Тоска бездействия и скука настолько томили людей, что те и впрямь с ума сходили, уже одержимые потребностью делать хоть что-то, вот именно что детским непослушанием судьбе, и превращались в юнкеров, шалящих за спиной у дядьки: с расчетом отвлечь надзирателя катали друг друга в грохочущей тачке, таскали дружка дружку на загорбке, изображая лошадей и всадников, улюлюкая, гикая и хохоча…
И вообще безумия в их лагерном житье было вровень с краями: все вывернуто наизнанку, перепутано. Как будто волей Господа смешались языки — румыны, итальянцы, сербы, русские, французы, — и каждый день вскипает на плацу невообразимая базарная каша, словно тысячи разнопородных, неведомых птиц слетелись и галдят, клекочут, чулюкают, каркают… Меняли все на все: шинели, гимнастерки, подштанники, обувку, вощеную дратву, иголки, часы, посуду, портсигары, зажигалки, ременные бляхи, шкатулки, ножи, которые искусники изготовляли для австрийских офицеров, наборную сбрую, подковки, какие-то слезливые картинки, изображающие голых баб и пухлых ангелочков, дружелюбных собак и румяных детей.

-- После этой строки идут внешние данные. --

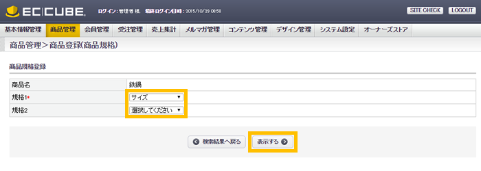 登録した商品で利用する規格を選択し、「表示する」ボタンをクリックします。

Всех пленных кормят скудно: полфунта плесневого хлеба, кружка «кавы» да полкотелка пустого горячего хлебова с овсяною мякиной, но и солдаты-надзиратели, хозяева их жизней, служат впроголодь, глядят на пленных жалкими глазами приблудившихся собак, наставляют винтовки и приниженно требуют, угрожающе молят: «Эй, рус, давай хлеб», отбирают пайки и посылки, идущие для пленных от Красного Креста и комитета государыни императрицы.

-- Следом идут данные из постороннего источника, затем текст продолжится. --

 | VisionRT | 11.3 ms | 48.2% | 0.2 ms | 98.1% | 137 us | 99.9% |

Австрийская комендатура с охотою ходит на зрелища, которые устраивают пленные за курево и хлеб, гогочет, аплодирует, но провинившихся и беглецов наказывает «положением во гроб» — стоящий на плацу цементный саркофаг, — на два деревянных ребра и под крышку с двумя просверленными дырками. От удушья и ужаса погребения заживо каждый третий караемый повреждается разумом и какое-то время никого уже не узнает.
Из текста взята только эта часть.